Hot Arabidopsis and its triplet trouble

It was the green worms that gave it away: while studying a wild strain of Arabidopsis thaliana and subjecting it to warmer than normal conditions, Dr Sureshkumar Balasubramanian and colleagues noticed that the plants produced weirdly misshapen leaves and never progressed to the flowering stage.

They named the phenotype “greenworms”, which the leaves resembled, and set about trying to find out the genetic basis for the defect.

What they found was a dramatic expansion of a TTC/GAA triplet repeat when compared to other strains of Arabidopsis, including the sequenced strain Columbia (Col-0).

The wild strain, called Bur-0 and native to the cool climes of Ireland, had more than 400 repeats in an intron of a gene which codes for an enzyme called isopropylmalate isomerase, compared to 23 copies in Col-0.

The gene, now called isopropylmalate isomerase large subunit 1 (IIL1), is involved in amino acid biosynthesis. The triplet repeat expansion causes a reduction in IIL1 expression at high temperatures, resulting in wormy leaves and a general failure to thrive.

At normal temperatures the phenotype is not apparent, which is probably why the defect has survived. “Obviously, having this repeat is detrimental to the plant, so if it experiences hot temperatures, evolutionarily it should have been removed,” Balasubramanian says.

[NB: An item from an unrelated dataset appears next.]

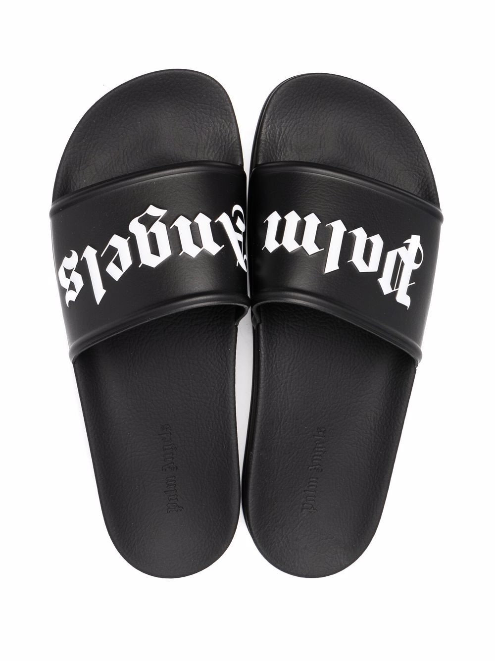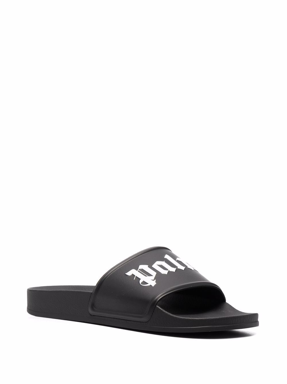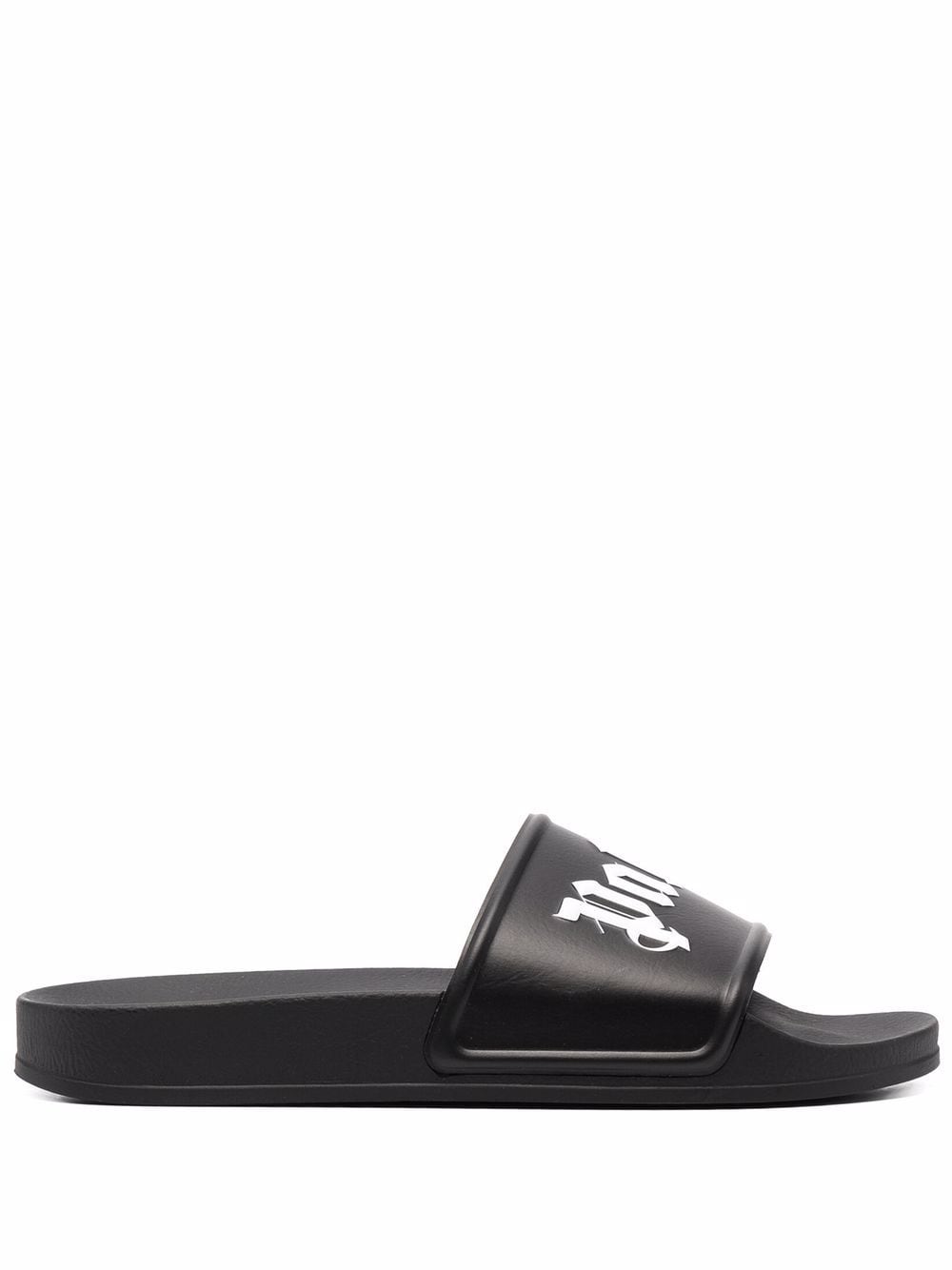 Inspired by the LA streetwear scene, Palm Angels casual wear is California beach-style with an edge. These slides embody that ethos with their classic open-toe, slip-on silhouette and gothic logo lettering in stark black and white.
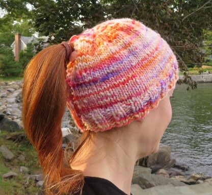 This fun ponytail hat knits up in a flash! It has buttons on the back so you can wear your ponytail (or bun) high, low, or in between. Just undo a button wherever you like to position your ponytail, or undo two buttons for a bun.

“The fact that it remains tells you that it is unlikely to have experienced those hot temperatures. [Artificially] providing those different conditions means you can reveal hidden genetic variation and figure out additional variation that leads to phenotypic differences that might be helpful in some conditions and not so helpful in others.”

Triplet repeat expansions can be very unhelpful indeed. In humans, they are the cause of a range of disorders such as Huntington’s disease, Friedreich’s ataxia and Fragile X syndrome.

These conditions are very difficult to study at a molecular level, which is why Balasubramanian and his colleagues believe the Arabidopsis finding may prove it to be a model organism to study not just triplet repeat disorders but genetic anticipation – in which severity increases with each generation, as is seen in Huntington’s – as well.

In humans, triplet repeat expansion disorders come in two main forms: Disorders where expansions result in poly amino acid stretches (typically polyglutamine or in some cases polyalanine) like Huntington’s and a variety of spinocerebellar ataxias, and disorders where there is no change in amino acids, like Fragile X, Fragile XE mental retardation and Friedreich’s ataxia.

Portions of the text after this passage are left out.